◆ To do: This exercise calls for the line with "Ein tolles, schnelles", the line with "Добавьте еще одну", and all lines between them in the material below, output exactly and with no other lines.

◆ Material shown:
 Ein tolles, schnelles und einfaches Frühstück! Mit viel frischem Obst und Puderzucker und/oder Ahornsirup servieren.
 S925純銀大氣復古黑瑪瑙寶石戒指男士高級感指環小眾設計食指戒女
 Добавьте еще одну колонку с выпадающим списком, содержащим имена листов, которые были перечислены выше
--
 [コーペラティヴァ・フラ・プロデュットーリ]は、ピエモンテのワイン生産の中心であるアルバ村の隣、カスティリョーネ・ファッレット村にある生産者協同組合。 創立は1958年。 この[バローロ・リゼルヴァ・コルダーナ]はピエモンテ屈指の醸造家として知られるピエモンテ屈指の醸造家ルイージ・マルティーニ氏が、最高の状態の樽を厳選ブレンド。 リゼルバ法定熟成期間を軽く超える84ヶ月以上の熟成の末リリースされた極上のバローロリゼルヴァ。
---
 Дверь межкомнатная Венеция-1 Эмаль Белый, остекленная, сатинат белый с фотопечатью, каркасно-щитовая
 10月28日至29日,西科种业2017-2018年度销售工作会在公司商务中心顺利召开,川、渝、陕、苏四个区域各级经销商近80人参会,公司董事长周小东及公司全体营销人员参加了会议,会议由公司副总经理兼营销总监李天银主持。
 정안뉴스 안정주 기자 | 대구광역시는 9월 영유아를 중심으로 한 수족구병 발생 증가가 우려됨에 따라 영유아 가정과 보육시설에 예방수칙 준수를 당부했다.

◆ Output:
 Ein tolles, schnelles und einfaches Frühstück! Mit viel frischem Obst und Puderzucker und/oder Ahornsirup servieren.
 S925純銀大氣復古黑瑪瑙寶石戒指男士高級感指環小眾設計食指戒女
 Добавьте еще одну колонку с выпадающим списком, содержащим имена листов, которые были перечислены выше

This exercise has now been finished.